US allows marketing of lab-grown chicken meat

The United States becomes the second country, after Singapore, to pave the way for artificial meat on dinner plates, allowing the sale of lab-grown chicken meat by two companies for the first time on Wednesday.

The U.S. Department of Agriculture has inspected and approved the infrastructure safety systems of Upside Foods and Good Meat, a spokesperson said.

The Federal Food Inspection Service (FSIS) has thus “issued three notices of compliance to establishments manufacturing […] products derived from animal cells,” he said in a statement, the third going to Joinn Biologics, a company that works with Good Meat.

Upside Foods and Good Meat had already obtained the green light from the United States Food Safety Agency (FDA) in November, while the Ministry of Agriculture had checked and approved the regularity of the labeling last week. of these products.

“This clearance will fundamentally change the way meat lands on our tables,” said Uma Valeti, CEO and Founder of Upside Foods, who also hailed “a giant step towards a more sustainable future” in a communicated.

Josh Tetrick, co-founder and CEO of Eat Just, the company behind Good Meat, welcomed the fact that lab-grown meat is now “allowed for sale in the world’s leading power”.

His company was the first to receive approval to market artificial meat in Singapore in 2020.

Last May, Eat Just signed an agreement with an equipment manufacturer to develop giant tanks in which it hoped to produce chicken and beef on a large scale.

The products of the two companies will quickly be available in several restaurants, they assured.

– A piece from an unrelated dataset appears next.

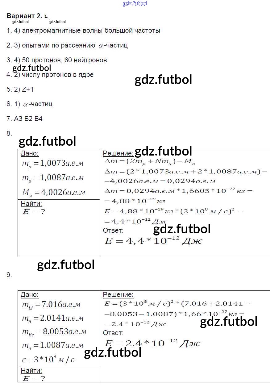 Готовые домашние задания по Физике за 9 класс Громцева Контрольные и самостоятельные работы УМК 2017 ФГОС - Глава 4. Варианты 2

The starred French chef Dominique Crenn has also placed an order with Upside Foods for her restaurant in San Francisco, in the wake of the announcement of the authorization.

Celebrity chef José Andrés is set to get him the first American batch from the Good Meat company, which will be served at one of his restaurants in the capital Washington.

Environmental impact

Many start-ups aim to produce and market so-called “laboratory” or artificial meat, to allow humans to consume animal protein with less impact on the environment than that of intensive farming, and without animal suffering. .

These products differ from plant-based substitutes, such as soy-based “steaks” and other ingredients that mimic the texture and flavor of meat without containing animal protein.

But laboratory meat remains very complicated and very expensive to produce for the moment. Other companies have therefore turned to the pet food market, a priori less difficult to satisfy than their owners.

Bond Pet Foods, a Colorado start-up, is creating animal protein from a microbial fermentation process to feed dogs without killing cows or chickens.

The manufacture of artificial chicken meat consists of culturing cells extracted from an animal or from fertilized chicken eggs in bioreactors and feeding them with nutrients similar to those ingested by real animals: proteins, fats, sugar , minerals and vitamins.

Thanks to these nutrients, the cells grow as they would in the body of the animal and become muscle tissue and fat. The resulting product is then “harvested” from the vats and molded into certain predefined shapes, such as that of a chicken fillet.

However, questions persist about the real environmental impact of this alternative, in particular its energy consumption and health safety.

A recent study from the University of California at Davis, which has not yet been reviewed by other scientists, has shown that all phases of laboratory meat production require a lot of energy and emit a large amount of greenhouse gases.